During World War II, Gambian troops fought with the Allies in Burma. The Gambia's capital city served as an air stop for the U.S. Army Air Corps and a port of call for Allied naval convoys. The Gambia became independent from the United Kingdom in 1965. President Yayah Jammeh took power in a military coup d’état in 1994 and remained in office until he was defeated by President Adama Barrow in elections held on December 1, 2016. U.S. policy seeks to strengthen relations with The Gambia through promoting democracy and good governance.
U.S. Assistance to The Gambia
U.S. assistance supports democracy, human rights, girls' education, agricultural expansion, rural development, refugee support services, and the fight against HIV/AIDS. In addition, the Peace Corps maintains a large program with about 92 volunteers engaged in the environment/agriculture, public health, and education sectors, mainly at the village level.
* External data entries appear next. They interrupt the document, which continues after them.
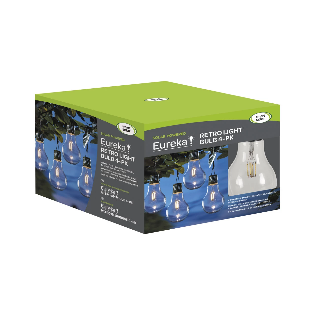Smart Solar LED Edison Filament Effect EUREKA! Retro Light Bulbs 4-Pack Warm White Clear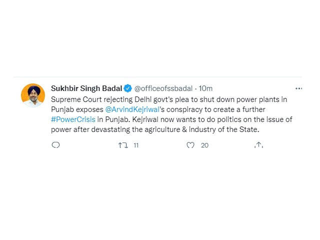 ਜਲੰਧਰ, 10 ਜੁਲਾਈ – ਸ਼੍ਰੋਮਣੀ ਅਕਾਲੀ ਦਲ (ਬ) ਦੇ ਪ੍ਰਧਾਨ ਸ. ਸੁਖਬੀਰ ਸਿੰਘ ਬਾਦਲ ਨੇ ਟਵੀਟ ਕਰਕੇ ਦਿੱਲੀ ਦੇ ਮੁੱਖ ਮੰਤਰੀ ਅਰਵਿੰਦ ਕੇਜਰੀਵਾਲ ‘ਤੇ ਨਿਸ਼ਾਨਾ ਸਾਧਿਆ ਹੈ। ਜਿਸ ਵਿਚ ਉਨ੍ਹਾਂ ਨੇ ਲਿਖਿਆ ਹੈ ਕਿ ਸੁਪਰੀਮ ਕੋਰਟ ਨੇ ਦਿੱਲੀ ਸਰਕਾਰ ਦੀ ਅਰਜ਼ੀ ਰੱਦ ਕਰ ਦਿੱਤੀ ਹੈ, ਜੋ ਅਰਜ਼ੀ ਪਾਵਰ ਪਲਾਂਟ ਨੂੰ ਬੰਦ ਕਰਨ ਲਈ ਪਾਈ ਗਈ ਸੀ। ਉਨ੍ਹਾਂ ਨੇ ਕਿਹਾ ਕਿ ਪੰਜਾਬ ਨੇ ਅਰਵਿੰਦ ਕੇਜਰੀਵਾਲ ਦੀ ਸਾਜ਼ਿਸ਼ ਦਾ ਪਰਦਾਫਾਸ਼ ਕਰ ਦਿੱਤਾ ਹੈ, ਜਿਸ ਵਿਚ ਉਹ ਪੰਜਾਬ ਦੇ ਬਿਜਲੀ ਸੰਕਟ ਨੂੰ ਹੋਰ ਗੰਭੀਰ ਕਰਨਾ ਚਾਹੁੰਦੇ ਸਨ। ਸੁਖਬੀਰ ਬਾਦਲ ਨੇ ਕਿਹਾ ਕਿ ਕੇਜਰੀਵਾਲ ਬਿਜਲੀ ਦੇ ਮੁੱਦੇ ‘ਤੇ ਸਿਆਸਤ ਕਰਕੇ ਪੰਜਾਬ ਦੀ ਖੇਤੀਬਾੜੀ ਤੇ ਉਦਯੋਗ ਨੂੰ ਬਰਬਾਦ ਕਰਨਾ ਚਾਹੁੰਦੇ ਹਨ।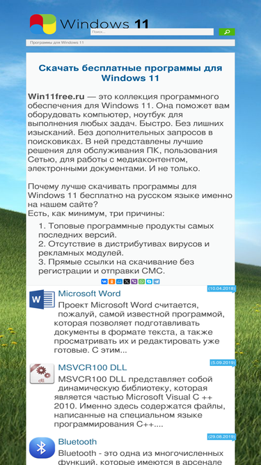 100%win11free.ru - это большой каталог рабочих программ на русском языке на компьютер windows 11, которые можно скачать бесплатно без регистрации и смс.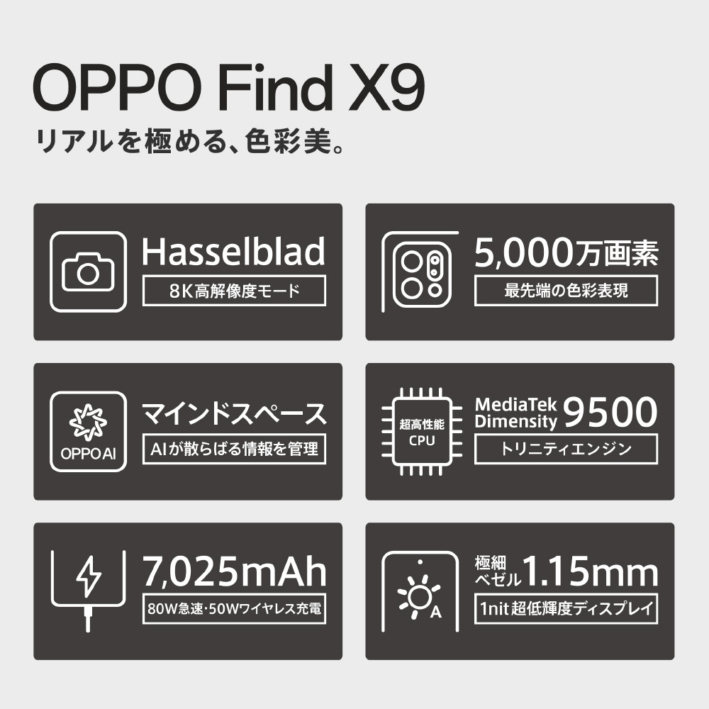 【SIMフリー】OPPO Find X9 チタニウムグレー「CPH2797 GY」MediaTek Dimensity 9500 約6.6インチ・メモリ/ストレージ:16GB/512GB nanoSIM ×2 【防水・防塵】 おサイフケータイ対応 チタニウムグレー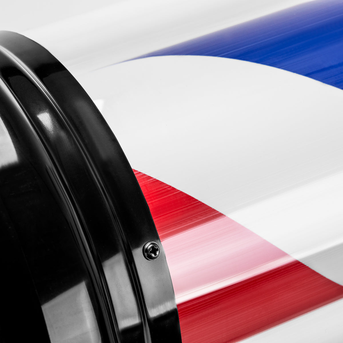 Ein auffälliger beleuchteter Plafond, ausgestattet mit einem rotierenden Zylinder, ist eine ausgezeichnete Werbung für einen Friseursalon. Das markante Design mit rotierenden Elementen in Rot, Weiß und Blau schafft eine einzigartige, international verständliche Visitenkarte des Friseursalons. Mit der kabelgebundenen Fernbedienung können sowohl die Beleuchtung als auch die Rotation des Plafonds eingeschaltet werden.

The U.S. also provides limited military training assistance to The Gambia.
Bilateral Economic Relations
In December 2017, POTUS approved the reinstatement of The Gambia’s eligibility for preferential trade benefits under the African Growth and Opportunity Act, effective January 1, 2018. Also in December 2017, the Millennium Challenge Corporation selected The Gambia as eligible to develop a threshold program. A number of U.S. citizens have set up small businesses in The Gambia and several U.S. brand companies such as Western Union, MoneyGram, UPS, Motorola, and Coca Cola are represented in the country.